1982 And The Abbreviated Bodleian MS.
E. Mus.
116; the other by the Cotton
MS. Titus C. xvi. This last one gives the text of the edition of 1725
often reprinted till Halliwell's (1839 and 1866).[27] The Egerton MS.
1982 has been reproduced in a magnificent volume edited in 1889 for the
Roxburghe Club par Mr. G.F. Warner, of the British Museum;[28] this
edition includes also the French text from the Harley MS. 4383 which,
being defective from the middle of chap. xxii. has been completed with the
Royal MS. 20 B.X. Indeed the Egerton MS. 1982 is the only complete
English manuscript of the British Museum,[29] as, besides seven copies of
the defective text, three leaves are missing in the Cotton MS. after f.
53, the text of the edition of 1725 having been completed with the Royal
MS. 17 B.[30]
Notwithstanding its great popularity, Mandeville's Book could not fail to
strike with its similarity with other books of travels, with Friar Odoric's
among others. This similarity has been the cause that occasionally the
Franciscan Friar was given as a companion to the Knight of St. Albans, for
instance, in the manuscripts of Mayence and Wolfenbuettel.[31] Some
Commentators have gone too far in their appreciation and the Udine monk has
been treated either as a plagiary or a liar! Old Samuel Purchas, in his
address to the Reader printed at the beginning of Marco Polo's text (p.
65), calls his countryman! Mandeville the greatest Asian traveller next (if
next) to Marco Polo, and he leaves us to understand that the worthy knight
has been pillaged by some priest![32] Astley uses strong language; he calls
Odoric a great liar![33]
Others are fair in their judgment, Malte-Brun, for instance, marked what
Mandeville borrowed from Odoric, and La Renaudiere is also very just in
the Biographie Universelle. But what Malte-Brun and La Renaudiere showed
in a general manner, other learned men, such as Dr.
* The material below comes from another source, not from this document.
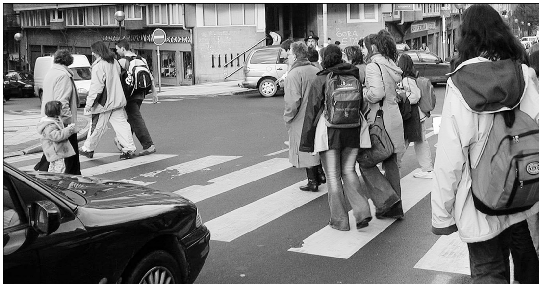
Mobilitate Planak dioenez 4 hernaniarretik 3k oinez egiten ditu herri barruko bideak.

bitzu eta merkataritzaren bueltan. Estudioaren hirugarren konklusioa da Hernaniko mobilitatea Donostiarako joerak markatzen duela, baina, hala ere, jende asko ibiltzen dela oinez (hernaniarrek herri barruan egiten dituzten biajeen % 73 oinez egiten dituzte), eta estudioak dio elementu hori

S. Bormans, Sir Henry
Yule, Mr. E.W.B. Nicholson,[34] Dr. J. Vogels,[35] M. Leopold Delisle,
Herr A. Bovenschen,[36] and last, not least, Dr. G.F. Warner, have in
our days proved that not only has the book bearing Mandeville's name been
compiled from the works of Vincent of Beauvais, Jacques of Vitry,
Boldensel, Carpini, Odoric, etc., but that it was written neither by a
Knight of St. Albans, by an Englishman, or by a Sir John Mandeville, but
very likely by the physician John of Burgundy or John a Beard.
In a repertory of La Librairie de la Collegiale de Saint Paul a Liege au
XV'e. Siecle, published by Dr. Stanislas Bormans, in the Bibliophile
Belge, Brussels, 1866, p. 236, is catalogued under No. 240: Legenda de
Joseph et Asseneth ejus uxore, in papiro. In eodem itinerarium Johannis de
Mandevilla militis, apud guilhelmitanos Leodienses sepulti.